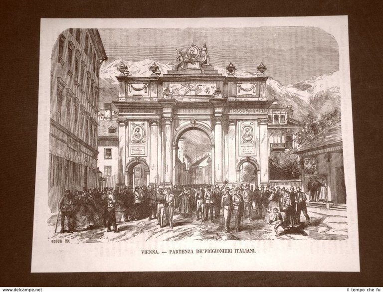 Rara Incisione Estratta da Rivista d'epoca del 1866 . .incisione che ha quindi oltre 150 anni! Terza guerra d'indipendenza in Italia Vienna nel 1866 Partenza dei prigionieri italiani EP1866-020 Dimensioni Cm 25,00 x 20,00 Qualora vogliate delle scansioni migliori contattateci, soddisferemo ogni vostra richiesta. PaypalCarta di creditoBonifico bancario Accuratamente adagiate su un cartoncino e protette da pellicola trasparente rigida,il tutto viene inserito dentro plico di adeguate dimensioni per proteggerne l'integrità.
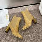 CD Icon Heeled Ankle Boot Beige Light Yellow Suede
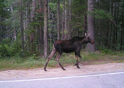 פיצוי על היעדר תמונות מהמפגש עם הדוב העניקה לנו נקבת מוס שכמה רגעים אחר כך נגלתה לעינינו בשולי הכביש כשהיא לועסת בהנאה את ארוחת הבוקר העישבית שלה. מכיוון שנוכחותנו לא הטרידה אותה ירדנו מהרכב וצילמנו כמות תמונות שתספיק לה להכין בוק לסוכנות דוגמניות.

* Assignment
Copying starts at the line containing "CD Icon Heeled" and ends at the last line of the material above; repeat only those lines exactly and omit the pictures.

* Exercise solution
 CD Icon Heeled Ankle Boot Beige Light Yellow Suede
 פיצוי על היעדר תמונות מהמפגש עם הדוב העניקה לנו נקבת מוס שכמה רגעים אחר כך נגלתה לעינינו בשולי הכביש כשהיא לועסת בהנאה את ארוחת הבוקר העישבית שלה. מכיוון שנוכחותנו לא הטרידה אותה ירדנו מהרכב וצילמנו כמות תמונות שתספיק לה להכין בוק לסוכנות דוגמניות.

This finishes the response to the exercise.